DropBox as a No Paste server

In this blog post I’m going to talk about my own custom “no paste” solution that I’ve developed over the years. How I started out using a web page as a service, moved to scripting this from the command line, and how I finally ended up subverting DropBox to my ends. Skip to the end to get to the code.

So, what’s “no paste” I hear you ask? “No paste” servers allow you to go to a webpage and submit a bit of text and get a unique url back where that text can be viewed. This means that you don’t have to paste a whole bunch of text into IRC or an IM conversation, you can just upload your text and and copy and paste only the link the “no paste” server sent back into your IM. If you haven’t seen one before check out textmate’s nopaste server.

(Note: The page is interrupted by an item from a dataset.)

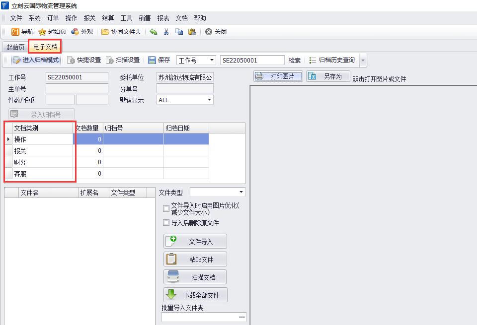 3、依次點(diǎn)擊 “文檔-電子文檔”,輸入工作號,點(diǎn)擊“檢索“按鈕,在對應的文檔類(lèi)別下添加文件資料。如圖(3)

This has several advantages. Firstly and foremostly, it doesn’t “SPAM” the conversation you’re having. Pasting a whole bunch of code into a IRC channel where people are having a conversation causing that conversation to scroll off the screen before they can read it isn’t polite. Secondly it makes the text easier to read and easier to copy and paste into an editor (for example, most IRC an IM clients will prepend each line someone says with a datestamp when you copy and paste from them.)

Excellent. A useful idea. Now how can we make it better?

As a Perl programmer I tend to automate a heck of a lot of what I do with my computer. Filing in a form on a webpage is easy to do, but it’s more hassle than hitting a key combination that pastes whatever text is highlighted in your editor. If we do it a lot we should make the computer do all the work!

For a long time I used the App::Nopaste module on CPAN which installs a command line utility called nopaste which integrates with a vast range of “no paste” servers. This utility can take input on the command line and automatically fill in the forms on those websites for you. This means that it’s trivial to execute from your editor – in textmate it’s just a simple “Bundle” command.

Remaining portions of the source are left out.